Dr Shah, would you care to estimate how much of the estimated $13bn fall in CAD is actually due to gold import suppression. Dr Rajan's speech a couple of days ago merely says "a part".
In my view, Indian people buying gold is not an irrational thing. When the CPI is running as high as 10% one is forced to look for protection against inflation.The fact is the Gold's bull run is about to come to an end. When the Gold prices (in US $ terms) starts going down massively - which will happen as soon as taper is announced - naturally buying of Gold will reduce a bit. Rather than resorting to Capital Control (as Dr Shah explains what this Gold import tax really is) just relying on market could have also yielded the desired result of reduced Gold imports, although a bit later.Gold prices in US $ terms will be below $1000 by March 2014. That is reduction of 30 percent from the price now.

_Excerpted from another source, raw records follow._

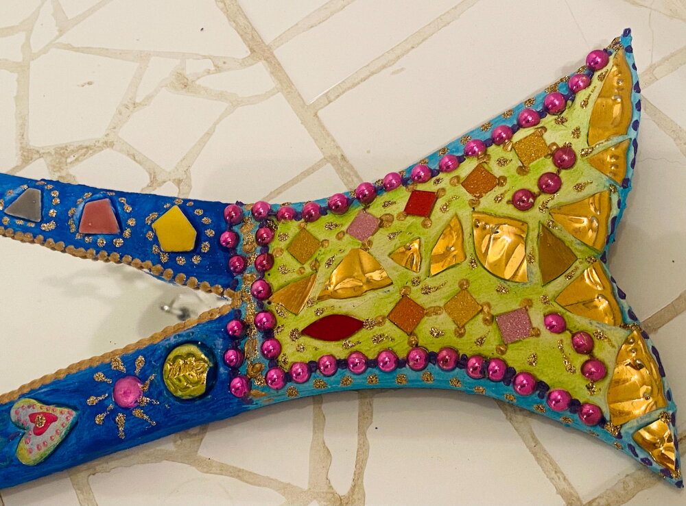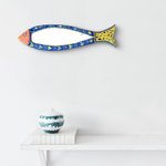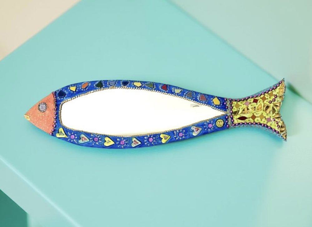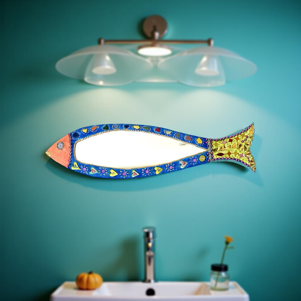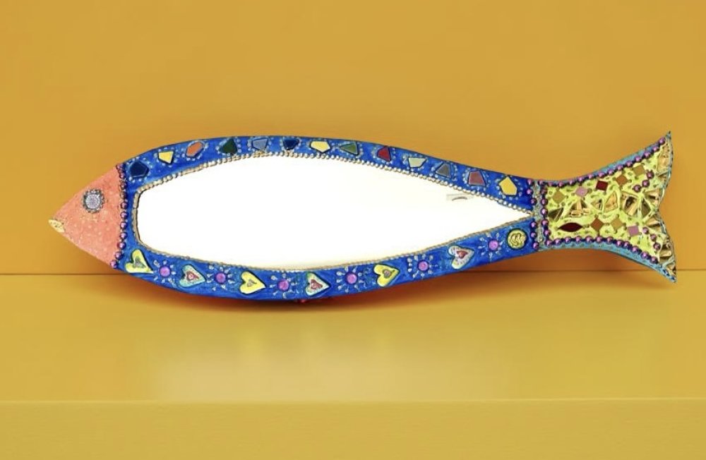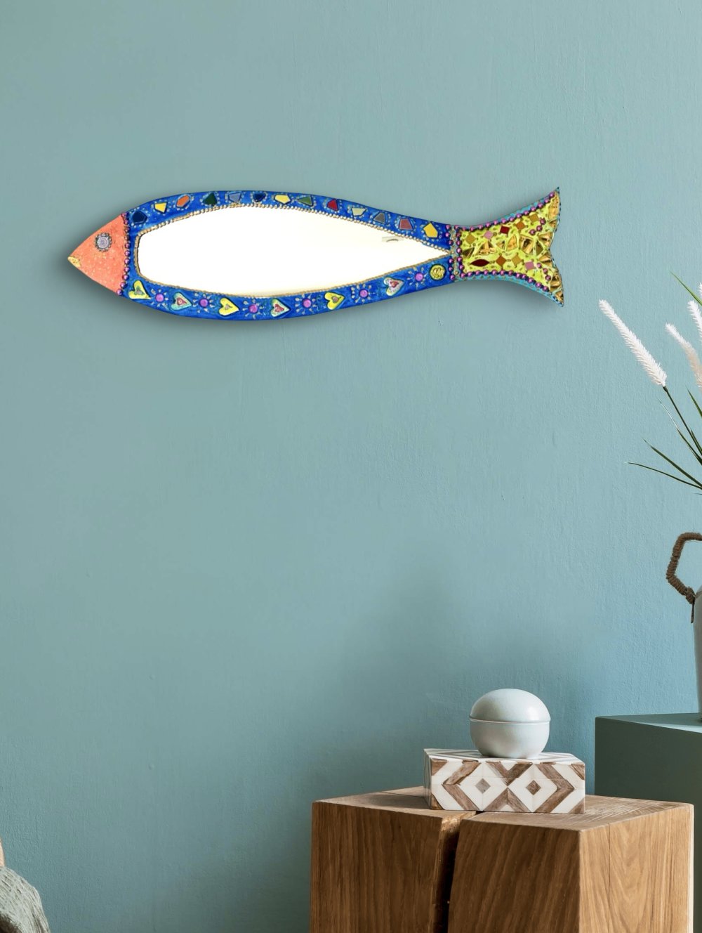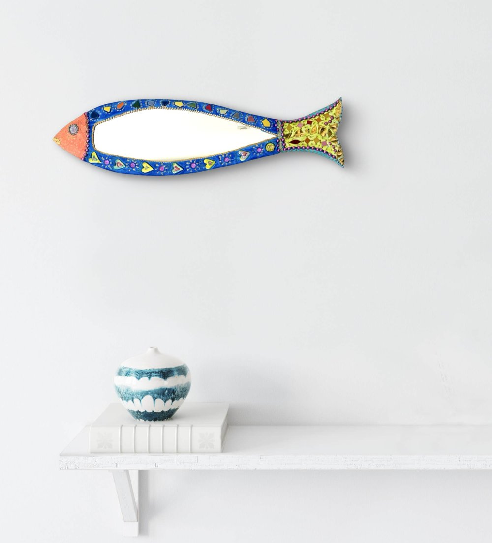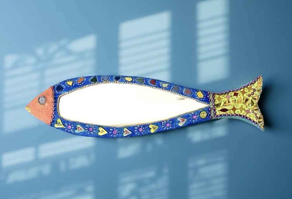 miroirs poissons art mural unique fait à la main en mosaïque et peinture colorée avec des motifs artistiques ,décoration murale art design
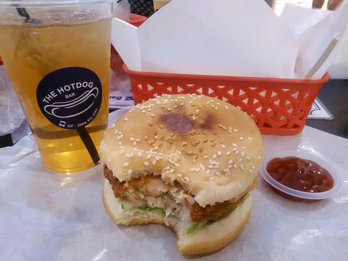 #PrawnBurger with yummy Tomato Sauce & Iced Lemon Tea@TheHotDogpic.twitter.com/KE63ydX0U4
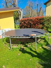 Tappeto elastico di circa 3 metri di diametro. Le foto sono della parte inferiore. C'è anche la parte superiore con pali di sostegno e rete di protezione. Manca solo il tappetino circolare in gommapiuma che copre le molle. Il prodotto è tedesco. Il tappeto è in buone condizioni: devono soltanto essere pulite alcune molle da ruggine superficiale. La bulloneria c'è tutta anche se forse è opportuno sostituire alcune viti di facile reperibilità.
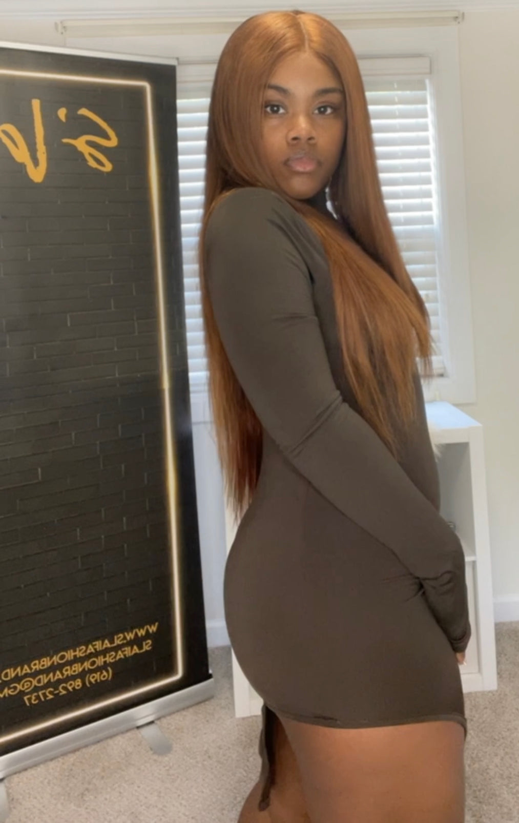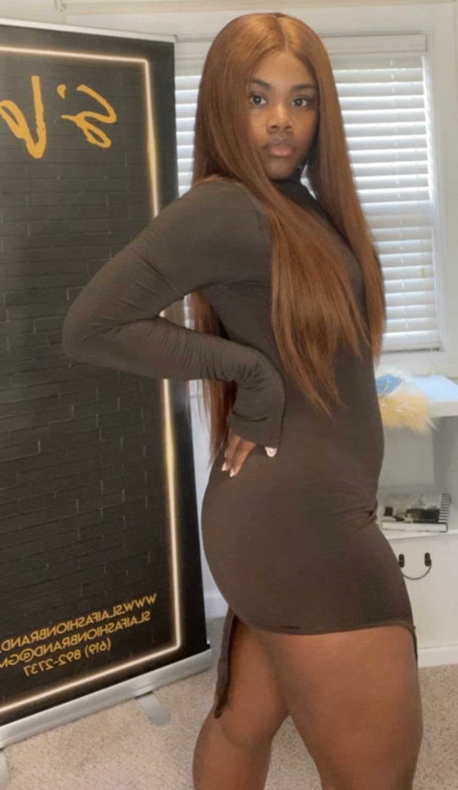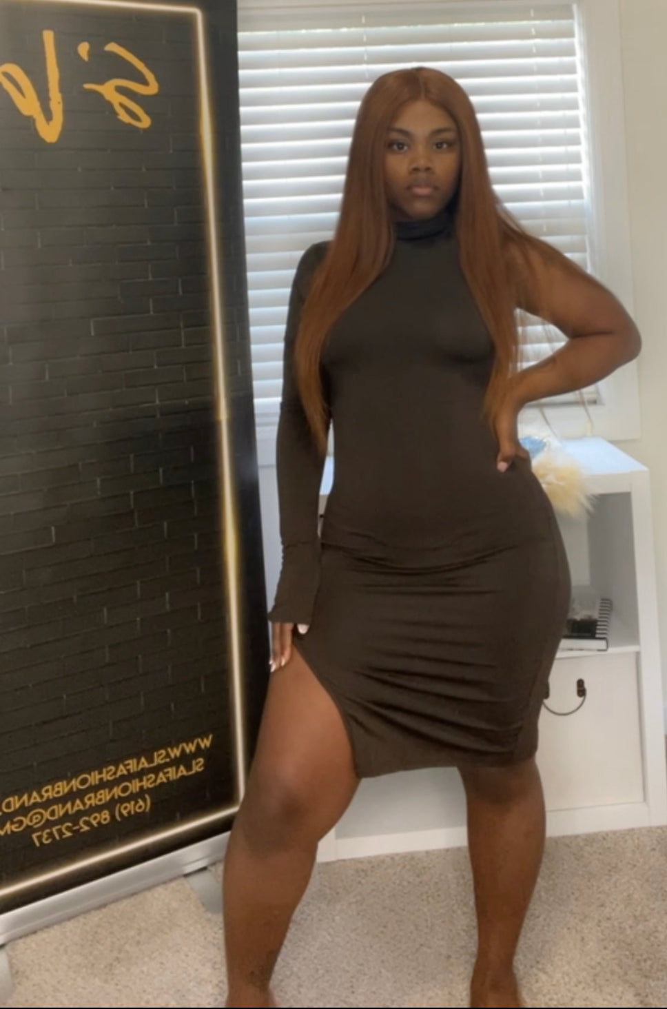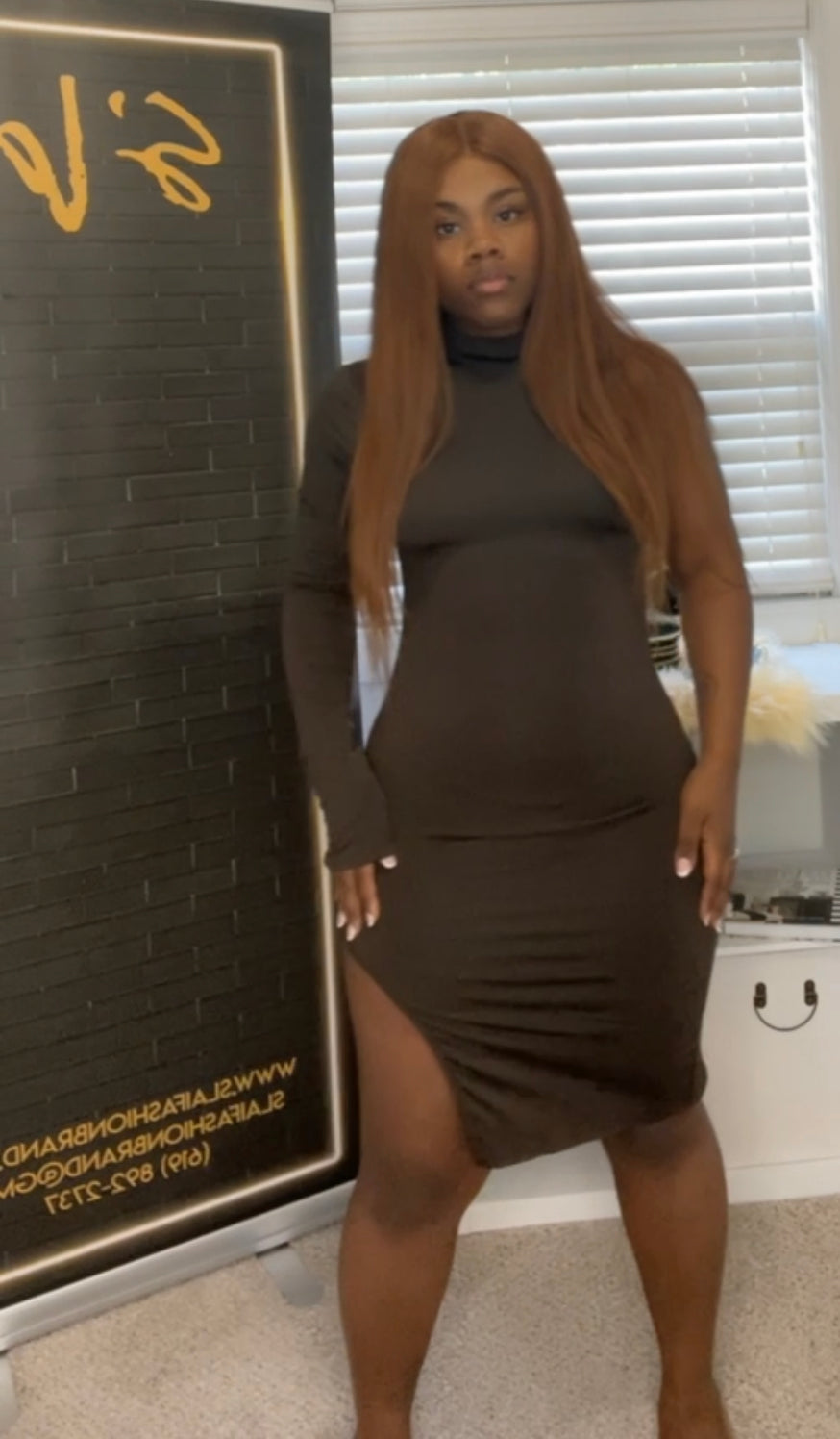 Our Lil Babe is a stunning semi mini dress. One side is cut higher than the other for a lil thigh action. Also features one long sleeve and mini neck coverage to complete the look. The material is thick soft cotton, has great stretch and hugs the body perfectly !

Why only over/under-invoicing of exports and imports? Even the remittances can be adjusted under hawala. Also, services trade such as software etc. are shady areas. You can bring in/ take out money in the guise of providing some software services and such easily. In fact, over/under invoicing of goods is difficult as customs has a robust all India level database, which it uses for valuation of goods. Services over/under invoicing is easier as the only body that certifies the value is STPI and they are barely staffed/competent to gauge the magnitude of error. However, Gold imports for domestic consumption has almost ceased for the time being, due to some stupid legal interpretations arising out of RBI circular dated August 14, 2013.